DATA EXTRACT:
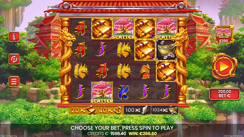 The game transports players to a mythical world of the Far East where wild dragons and the Gifts of Fortune hold the power to shape the fate of those who spin the reels and chase the wins across the 5x4 grid of this high volatility game.
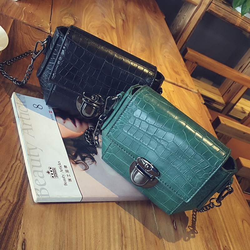 / 包包女新款鱷魚紋單肩女包小包韓版鏈條迷你小方包百搭斜挎包
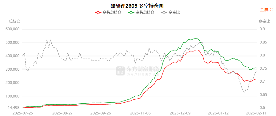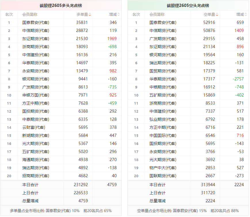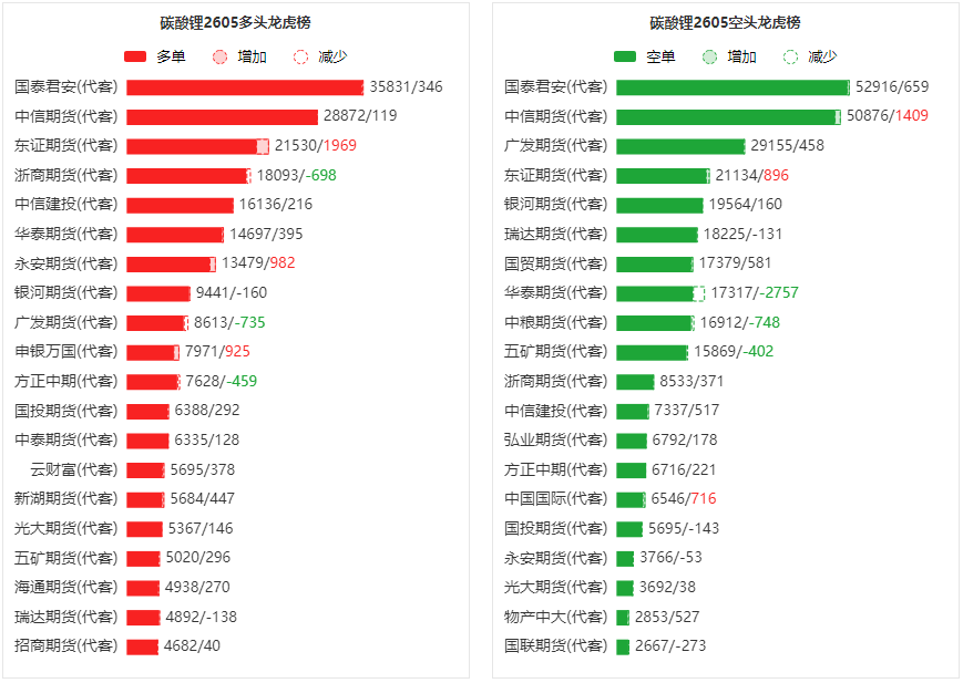 总体而言,碳酸锂2605合约今日增仓上行,多空持仓排名前20席中,多空双方均呈进场态势,多头进场意愿强于空头。

WORK INSTRUCTIONS:
Return the material exactly as given, apart from the pictures.

ANSWER SECTION:
 The game transports players to a mythical world of the Far East where wild dragons and the Gifts of Fortune hold the power to shape the fate of those who spin the reels and chase the wins across the 5x4 grid of this high volatility game.
 / 包包女新款鱷魚紋單肩女包小包韓版鏈條迷你小方包百搭斜挎包
 总体而言,碳酸锂2605合约今日增仓上行,多空持仓排名前20席中,多空双方均呈进场态势,多头进场意愿强于空头。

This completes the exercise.